Ocena:

Książka, której narratorem jest pies o imieniu Tassen, porusza tematy przyjaźni, starzenia się, samotności i więzi między człowiekiem a zwierzęciem, przeplatając się z historycznym tłem wyprawy polarnej Roalda Amundsena. Podczas gdy niektórzy czytelnicy docenili czarny humor i unikalną perspektywę, wielu uznało tę historię za ponurą, a zakończenie za niepokojące, szczególnie dla miłośników psów.
Zalety:Unikalna perspektywa narracji z perspektywy psa, która oferuje humorystyczne i wzruszające momenty.
Wady:Skuteczna eksploracja głębokich tematów, takich jak starzenie się, towarzystwo i poświęcenie.

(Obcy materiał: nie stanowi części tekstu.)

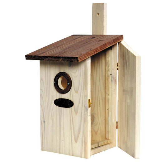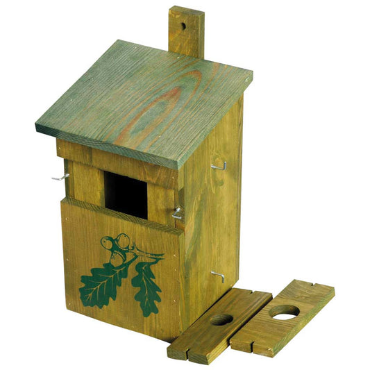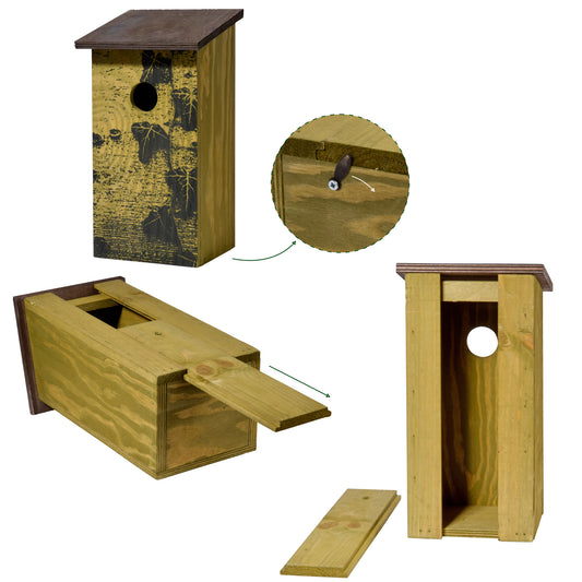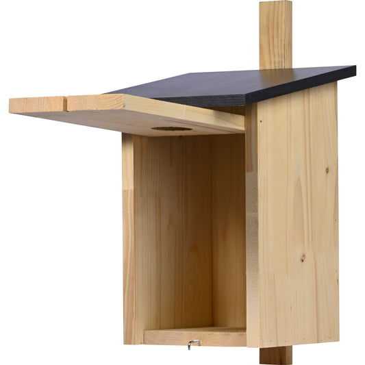 Nistkasten "Räuberschutz" - Massives Kiefernholz, Bitumendach, austauschbare Einfluglöcher, raubtiersicher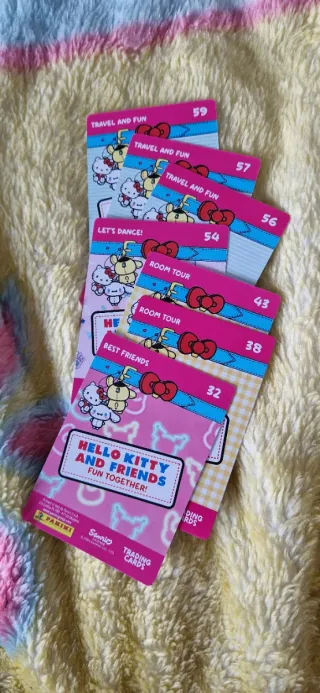 Colección de tarjetas de Hello Kitty y sus amigos. - Tarjetas temáticas de Travel and Fun, Let's Dance!, Room Tour y Best Friends. - Incluye números de tarjeta 59, 57, 56, 54, 43, 38 y 32. (Y muchos más) - Diseño con personajes de Sanrio. - Tarjetas de Trading Cards de Panini.
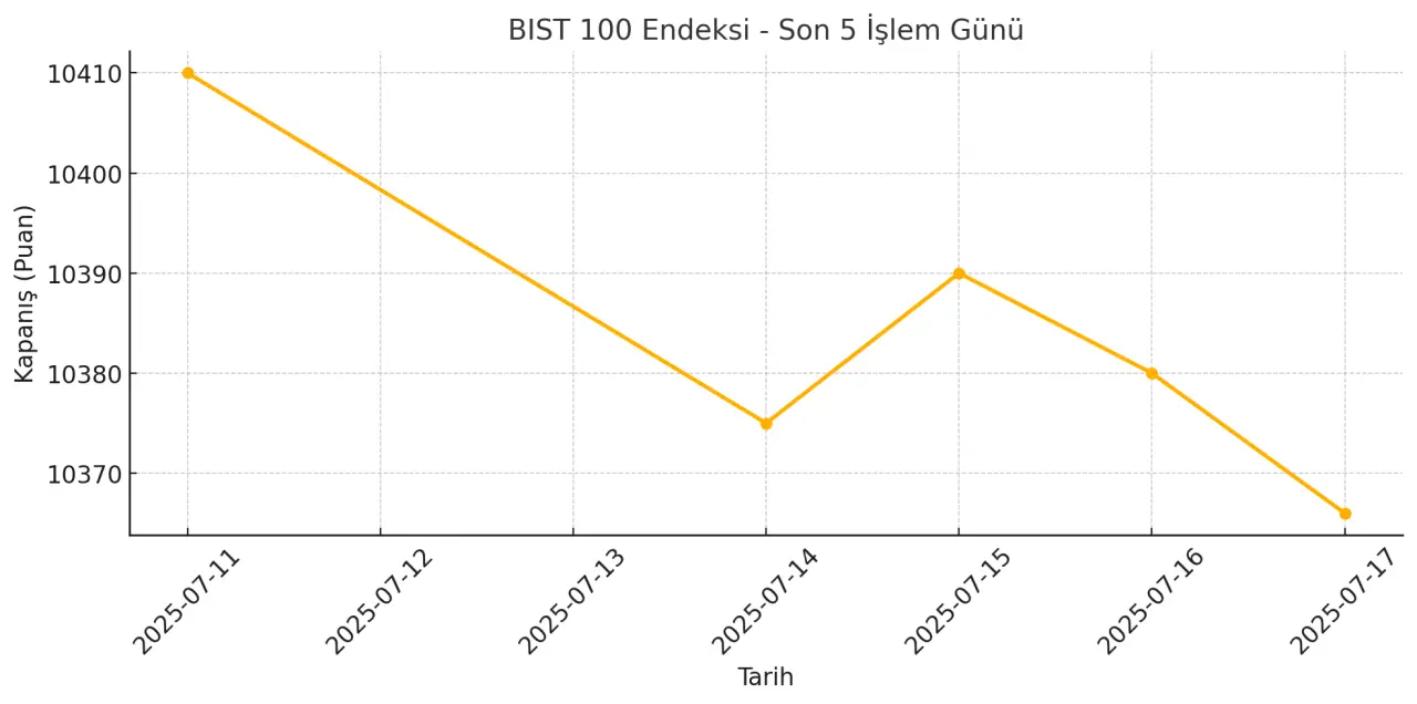 21 Temmuz 2025 Pazartesi günü itibarıyla Borsa İstanbul, yeni haftaya sınırlı bir geri çekilme ile giriş yaptı. BIST 100 endeksi, haftanın ilk işlem gününde 10.366 puan seviyesinde kapanarak hafif negatif bir seyir izledi. Piyasalarda yön arayışı sürerken, yatırımcılar belirsizlik ortamında temkinli pozisyon almayı sürdürüyor.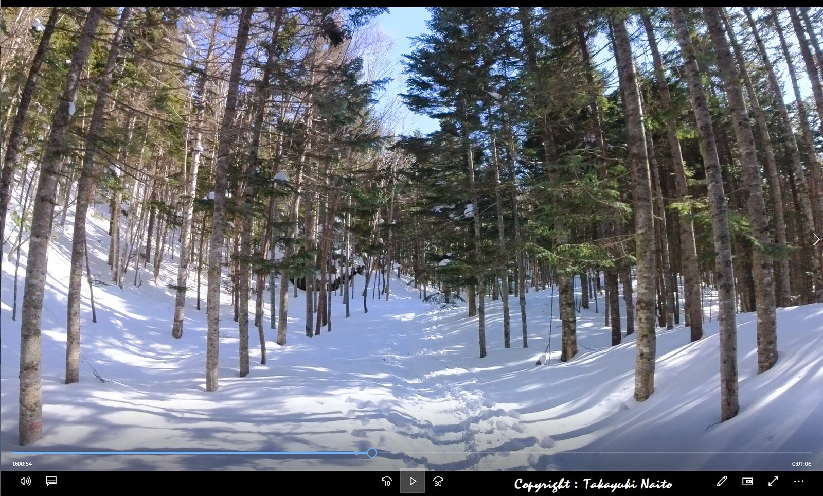 まずはしっかり雪が積もった樹林帯を進みます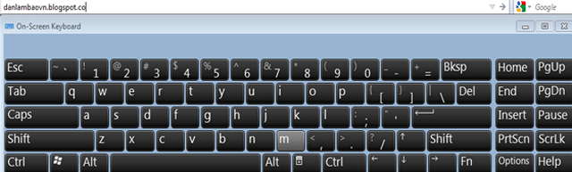 Lúc này bàn phím ảo sẽ hiện ra, bạn sẽ di chuyển chuột vào những kí tự trên đó để gõ thay bàn phím thật. Với những kí tự nào phải giữ phím “Shift” thì bạn kết hợp dùng phím Shift trên bàn phím thật để thao tác.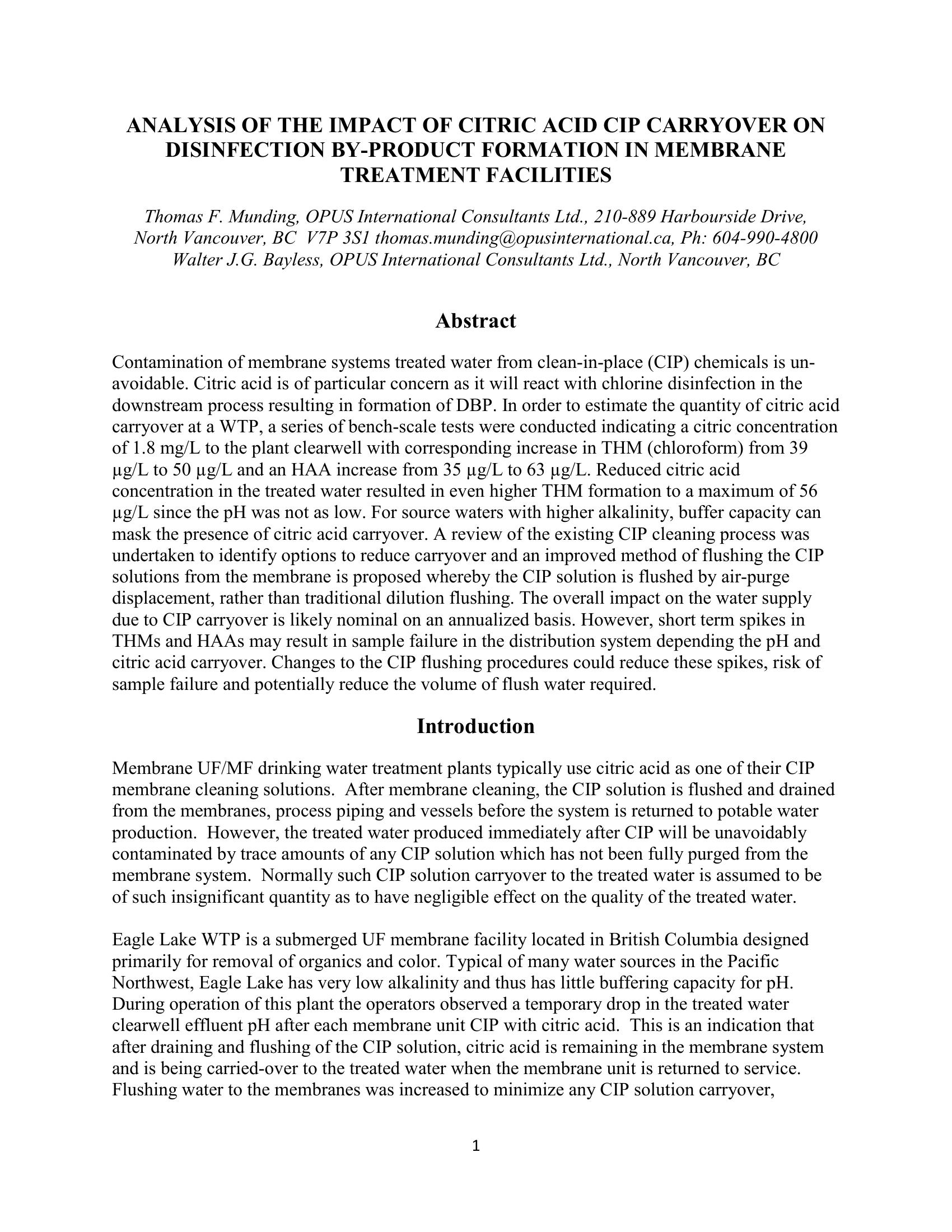 Contamination of membrane systems treated water from clean-in-place (CIP) chemicals is un-avoidable. Citric acid is of particular concern as it will react with chlorine disinfection in the downstream process resulting in formation of DBP. In order to estimate the quantity of citric acid carryover at a WTP, a series of bench-scale tests were conducted indicating a citric concentration of 1.8 mg/L to the plant clearwell with corresponding increase in THM (chloroform) from 39 g/L to 50 g/L and an HAA increase from 35 g/L to 63 g/L. Reduced citric acid concentration in the treated water resulted in even higher THM formation to a maximum of 56 g/L since the pH was not as low. For source waters with higher alkalinity, buffer capacity can mask the presence of citric acid carryover. A review of the existing CIP cleaning process was undertaken to identify options to reduce carryover and an improved method of flushing the CIP solutions from the membrane is proposed whereby the CIP solution is flushed by air-purge displacement, rather than traditional dilution flushing. The overall impact on the water supply due to CIP carryover is likely nominal on an annualized basis. However, short term spikes in THMs and HAAs may result in sample failure in the distribution system depending the pH and citric acid carryover. Changes to the CIP flushing procedures could reduce these spikes, risk of sample failure and potentially reduce the volume of flush water required.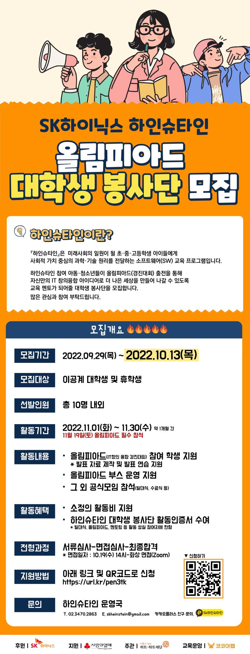 SK하이닉스 후원으로 실시되는 하인슈타인 올림피아드(경진대회) 대학생 봉사단을 모집합니다. 많은 참여 부탁드립니다. ㅁ 응모자격 : 이공계 대학생 및 휴학생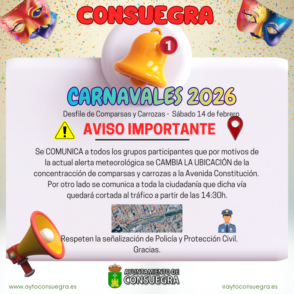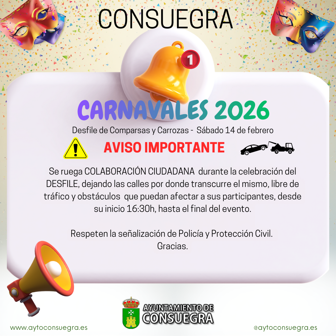 | CONSUEGRA. CARNAVALES 2026 AVISO IMPORTANTE Se ruega COLABORACIÓN CIUDADANA durante la celebración del DESFILE, dejando las calles por donde transcurre el mismo, libre de tráfico y obstáculos que puedan afectar a sus participantes, desde su inicio 16:30h, hasta el final del evento. Respeten la señalización de Policía y Protección Civil. Gracias |

(na podstawie 15 opinii czytelników)
Good Dogs Don't Make It to the South Pole
Opowiedziana oczami bardzo zrzędliwego, ale sympatycznego kundla, zabawna i wzruszająca opowieść o starzeniu się, śmierci, przyjaźni i życiu, która udowadnia, że czasami historia psa jest najbardziej ludzka ze wszystkich.
Tassen zawsze był psem jednoosobowym. Kiedy jego ludzki towarzysz, Major Thorkildsen, umiera, Tassen i pani Thorkildsen zostają sami. Tassen opłakuje Majora, jedząc zbyt wiele smakołyków, a pani T. zbyt dużo pije. Niespodziewanie znajdują jednak wspólny język w badaniu wyprawy Roalda Amundsena na biegun południowy, prowadzonej przez sforę nieustraszonych psów.
Ale spokojne dni, które Tassen i pani T. spędzają razem w bibliotece, badając arktyczną przygodę odkrywcy, zostają zakłócone przez przybycie jej syna i synowej. Chcąc wprowadzić się do przestronnego domu majora, planują wysłać panią T. do domu opieki. Zastanawiając się nad własnym losem, Tassen drży na myśl o tym, co może się z nim stać. Jednak Tassen i pani T. nie zamierzają się poddać. Zainspirowana Roaldem Amundsenem i jego psami, ta nieprawdopodobna para jest gotowa na wszystko, co rzuci im życie.
Good Dogs Don't Make It to the South Pole to mrocznie komediowy i kapryśny portret starzenia się i śmierci opowiedziany poprzez przyjaźń psa ze starszą kobietą.
Przetłumaczone z norweskiego przez Marie Otsby.